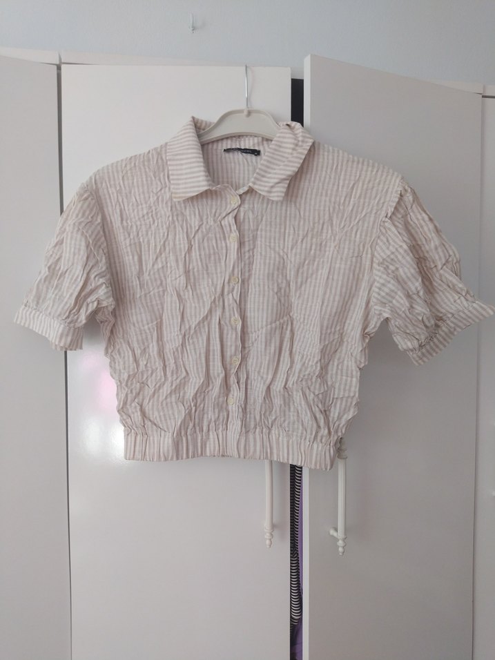 Bej renkte, keten kumaştan, kısa kollu, yakalı ve düğmeli, salaş kesim mini gömlek. Günlük sokak stiline uygun rahat tasarım.
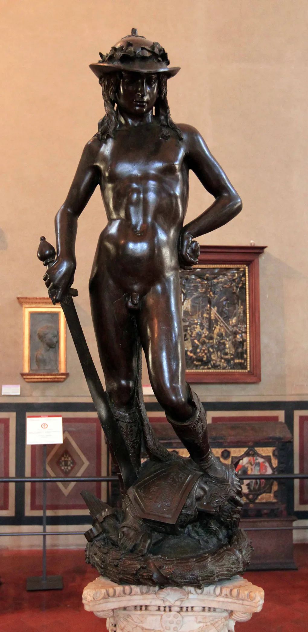 大家好!今天给大家介绍由意大利文艺复兴初期的雕塑大师多纳泰罗于1460年间创作的青铜雕像《大卫》,现收藏于意大利佛罗伦萨巴杰罗国家博物馆。
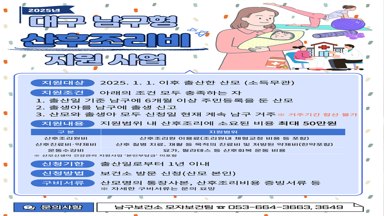 사진 제공 대구 남구대구 남구가 2025년부터 아이를 낳은 산모에게 산후조리 비용으로 최대 50만 원을 지원합니다. 산모가 대구 남구에 살면서 2025년 아이를 낳았다면 소득 수준과 관계없이 지원받을 수 있습니다. 단, 출생아는 남구에 출생신고를 해야 하고, 6개월 이상 산모와 출생아 모두 남구에 살아야 하며, 신청 날...
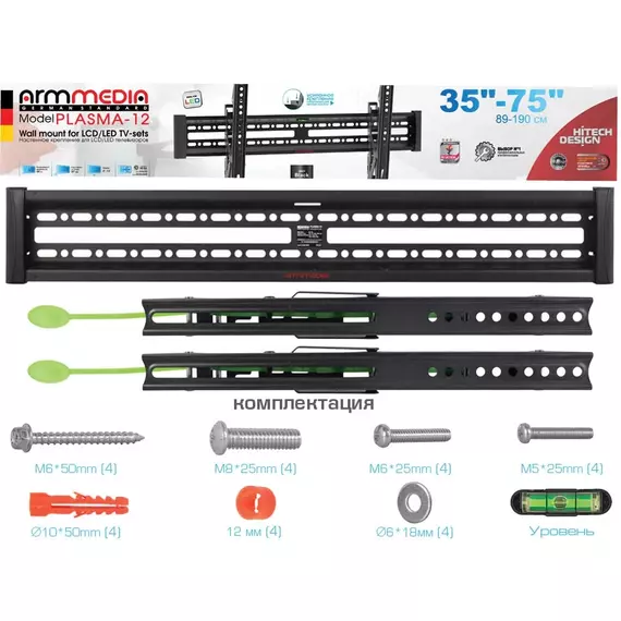 | Комплектация | Кронштейн для телевизора, комплект ключей и крепежа для установки ТВ, навесной уровень, подробная инструкция на русском языке |
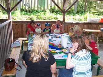 Viel Spass hatten die Kleinen in der Bastelecke bei Dagmar und Andrea Offensichtlich waren die Hohenberger SPDler besonders brav gewesen. Dies lässt zumindest das herrliche Wetter vermuten, welches pünktlich zum Festbeginn das noch tags zuvor herrschende trübe Nass abgelöst hatte.
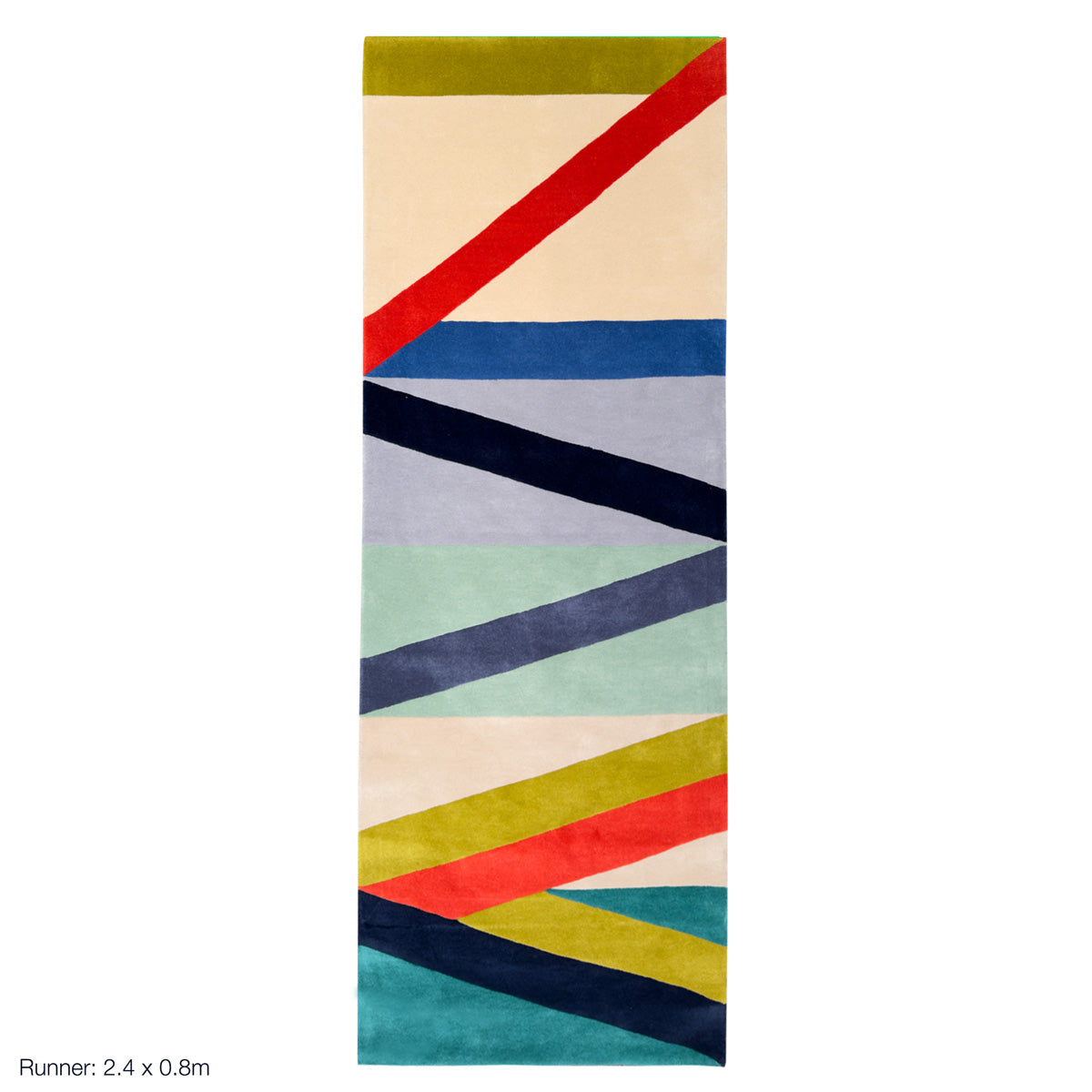 The Bala rug is a playful, large scale linear design in a bright colourway. This statement rug draws on the studio’s continued fascination with typography - experimenting with letter forms to create an abstract composition.
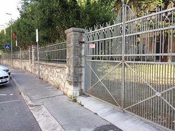 La proprietà è completamente recintata; una massiccia recinzione in tipica pietra carsica delimita la proprietà sul lato principale fronte strada.
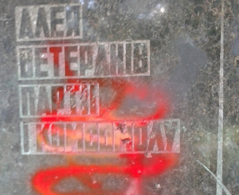 Станом на сьогодні, жодна організація не взяла на себе відповідальність за обливання фарбою пам'ятного знаку "Алеї ветеранів партії і комсомолу".
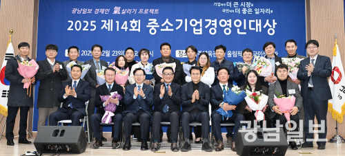 23일 광주 서구 염주체육관 내 올림픽기념국민생활관에서 열린 ‘2025 제14회 중소기업 경영인 대상’ 시상식에 참석한 이승배 광남일보 사장과 고광완 광주시행정부시장, 주순선 전남도 동부지역본부장, 윤일 한국산업단지공단 광주지역본부 혁신팀장, 김우환 광주지방조달청장 등 내빈들과 수상자들

_ _ _

* Exercise aim *
Please restate word for word each line from the one containing "Viel Spass hatten" to the end of the data above, without the pictures.

* Response area *
 Viel Spass hatten die Kleinen in der Bastelecke bei Dagmar und Andrea Offensichtlich waren die Hohenberger SPDler besonders brav gewesen. Dies lässt zumindest das herrliche Wetter vermuten, welches pünktlich zum Festbeginn das noch tags zuvor herrschende trübe Nass abgelöst hatte.
 The Bala rug is a playful, large scale linear design in a bright colourway. This statement rug draws on the studio’s continued fascination with typography - experimenting with letter forms to create an abstract composition.
 La proprietà è completamente recintata; una massiccia recinzione in tipica pietra carsica delimita la proprietà sul lato principale fronte strada.
 Станом на сьогодні, жодна організація не взяла на себе відповідальність за обливання фарбою пам'ятного знаку "Алеї ветеранів партії і комсомолу".
 23일 광주 서구 염주체육관 내 올림픽기념국민생활관에서 열린 ‘2025 제14회 중소기업 경영인 대상’ 시상식에 참석한 이승배 광남일보 사장과 고광완 광주시행정부시장, 주순선 전남도 동부지역본부장, 윤일 한국산업단지공단 광주지역본부 혁신팀장, 김우환 광주지방조달청장 등 내빈들과 수상자들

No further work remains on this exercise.